Optimizing Blender’S Denoiser Settings For Your Specific Scene
What is Denoising and Why it’s Useful
Denoising refers to algorithms and techniques used to remove random noise from rendered images while preserving important scene details. Noise is inherent in photorealistic rendering with techniques like path tracing due to the stochastic nature of light transport simulations. Denoising removes this noise to produce clean final renders.
Using denoising can speed up render times by allowing more noisy renders from lower sample counts. Denoising the noisier images produces final images free of random noise in much less time than simply increasing samples to reduce noise. This makes denoising incredibly useful for optimizing render times.
Denoiser Settings Overview
The Blender denoiser includes several settings across two main categories – sampling and filtering settings – that control different aspects of the denoising process. Optimizing these settings is key to maximizing quality and efficiency for a given scene.
Sampling
Sample Count
The sample count determines how much Monte Carlo noise will be present in renders before denoising. Higher samples means less inherent noise but longer render times. Finding the optimal balance reduces noise while keeping renders fast.
Prefilter
Prefilter controls neighborhood scaling when transforming samples into a feature vector used by the denoiser. Higher values smooth out noise more but can cause detail loss.
Normal
The normal setting determines how much surface normals are taken into account during denoising instead of just color. Higher values preserve edges better but are slower to compute.
Variance
Variance controls how much sample variance at each pixel is included in the feature vector. This helps discriminate between noise and detail. Higher values improve edge discrimination but slow down computation.
Filtering
Radius
Filter radius controls the size of the window each pixel looks at to filter out noise. Larger radii work better for smoothing out noise but can cause some loss of fine detail.
Strength
Strength determines how much filtering is applied once features are extracted. Higher strength removes more noise but starts to degrade edges, texture details, and small features.
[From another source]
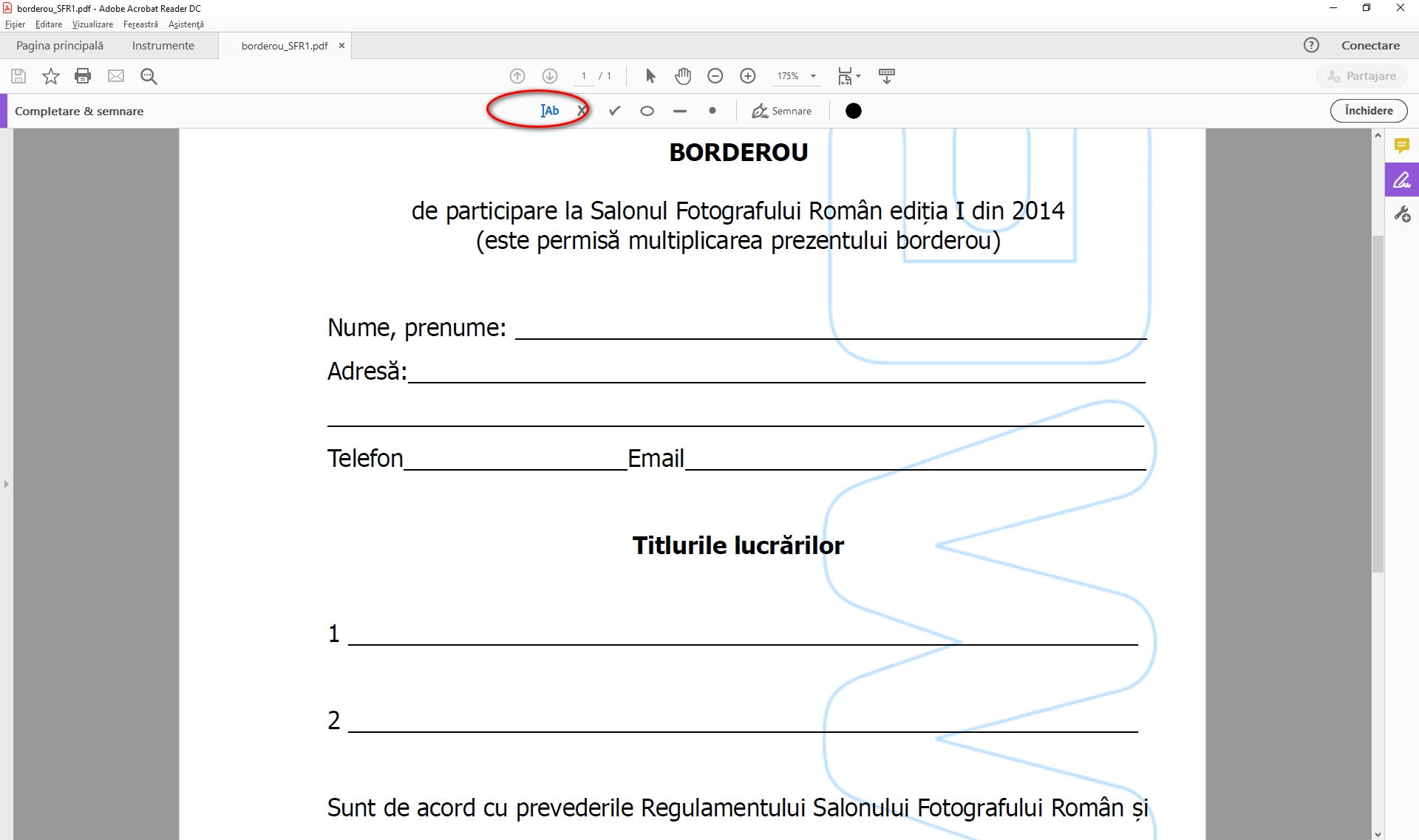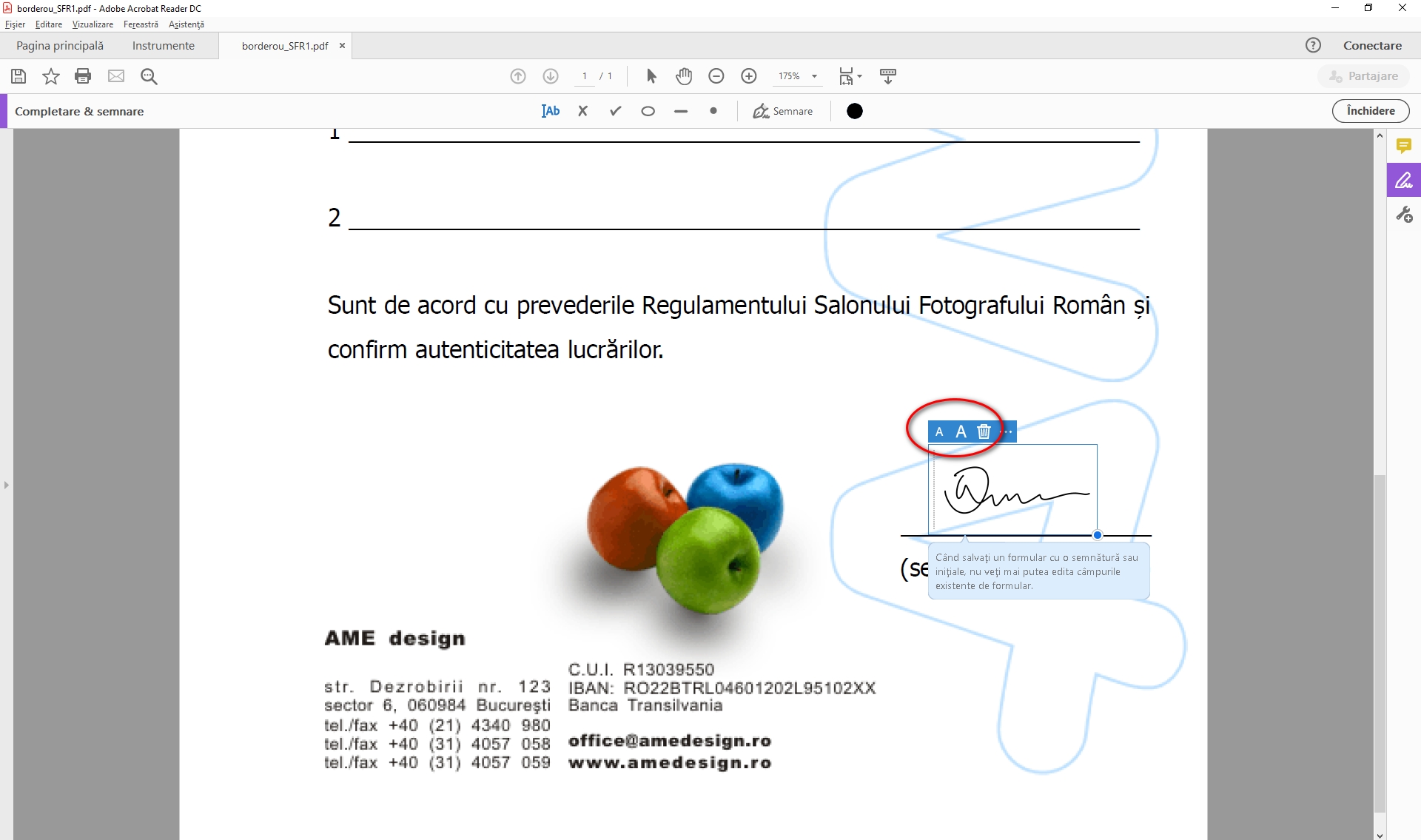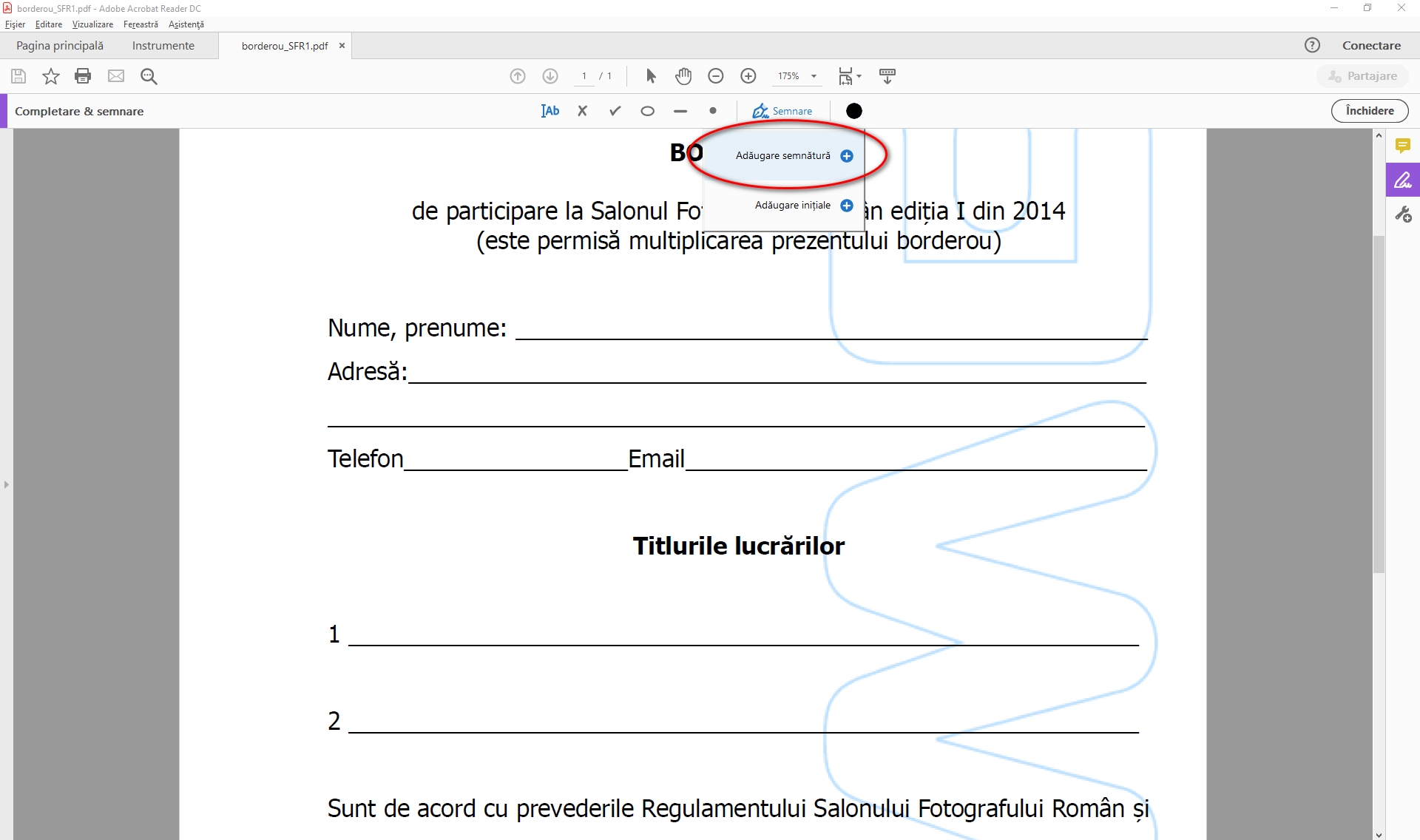 În urma întrebărilor primite din partea mai multor fotografi, am considerat că ar fi de mare ajutor dacă aș descrie un mic pont de completare a documentelor pdf. Există mai multe variante: deschiderea documentului pdf în Photoshop și rasterizarea lui la o rezoluție de cel puțin 150 ppi, format A4 și inserarea textului cu unealta de text. Semnătura va fi inserată ca imagine sau creată cu mouse-ul sau cu o tabletă grafică. O altă variantă este tipărirea documentului, completarea de mână și semnare, apoi scanarea/fotografierea și trimiterea ca jpg. Ambele variante implică trimiterea unui fișier de tip bitmap, cu aspect nu foarte plăcut, dependent de rezoluția de tipărire, scanare sau chiar a fișierului, fiind necesar de a face un compromis în obținerea unui fișier mic raportat la o rezoluție suficientă pentru a fi lizibil.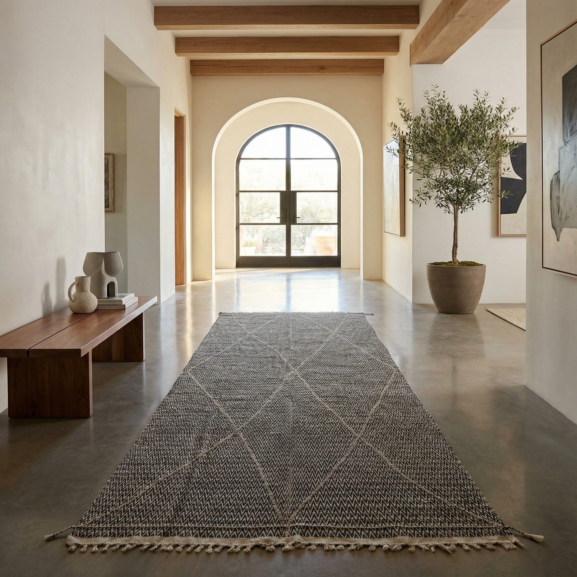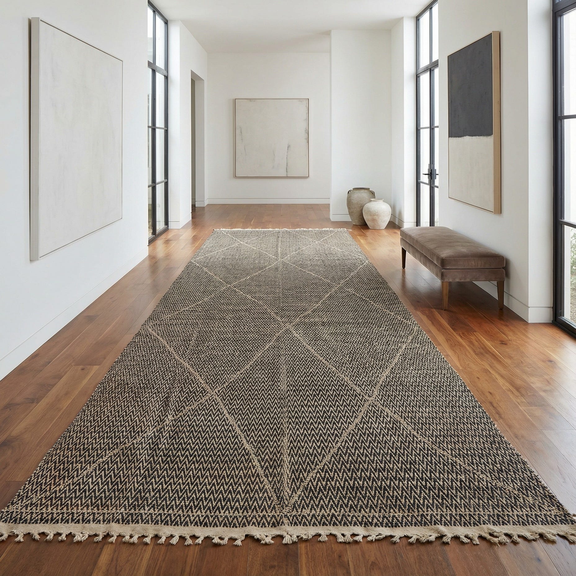 The monochrome palette and refined geometric pattern make this runner a versatile choice for transitional and contemporary interiors. Place it in a long entryway or hallway to anchor circulation, layer it beneath a console to add pattern without competing with furniture, or run it along the side of a bed to introduce contrast and softness. It also works well in modern farmhouse, Scandinavian, or minimal-boho schemes where clean lines and tactile materials are key.

Optimizing for Different Scenes
Balancing tradeoffs between quality and speed with the denoiser ultimately depends greatly on the type of scene and specific noise behavior. What works for a still life or product render may not translate to landscapes or characters.
Indoor Scenes
Interior renders involve many complex lighting interactions with glossy and diffuse surfaces. Indirect bounces display higher amounts of raw noise compared to direct illumination.
Increasing Sample Count
Using a moderately high sample count reduces dark splotches from indirect bounces while keeping render times reasonable compared to extremely high values.
Lowering Filter Radius
A small filter radius avoids blurring intricate details on objects like furnishings while sufficiently removing noise in flat, continuous surfaces like walls.
Outdoor Scenes
Exteriors involve direct sun lighting, broad area lighting sources like skies, and complex global illumination across terrain and vegetation. This can introduce banding artifacts and graininess.
Increasing Normal/Variance
Higher normal and variance samples help distinguish between noise and hard shadows or light/dark foliage edges to prevent detail loss and gradient banding issues.
Raising Filter Strength
Moderate filter strength levels smooth out grains in broad gradient areas representing terrain and skies in large exterior spaces better than smaller radii.
Characters
Organic models involve many curves, changing depths, fine featured surface textures, and thin protruding elements. High frequency texture details and depth complexity introduce difficult to remove noise.
Higher Prefilter
Using higher prefilter settings better retains difficult geometrical texture details on skin, hair, and clothing materials while smoothing noise in flatter regions.
Moderate Filter Radius
The radius shouldn’t over-blur high-resolution normal, displacement, and procedurally generated textures but still sufficiently filter noise on large surface expanses.
Putting it All Together
Optimizing denoising ultimately takes trial and error testing. However, these general guidelines improve baseline settings.
Start with Defaults
Begin by assessing noise levels and render times at default sampling and filter settings to understand standard behavior for a scene.
Tweak Based on Noise and Render Times
First adjust sampling settings targeting remaining excessive noise areas until render times become impractical. Then modify filter settings if additional smoothing is still required in areas.
Find Optimal Balance for Your Needs
Compare settings combinations empirically to select options providing the best compromise between noise reduction, detail preservation, and render speed for final frames based on strict quality requirements or looming deadlines.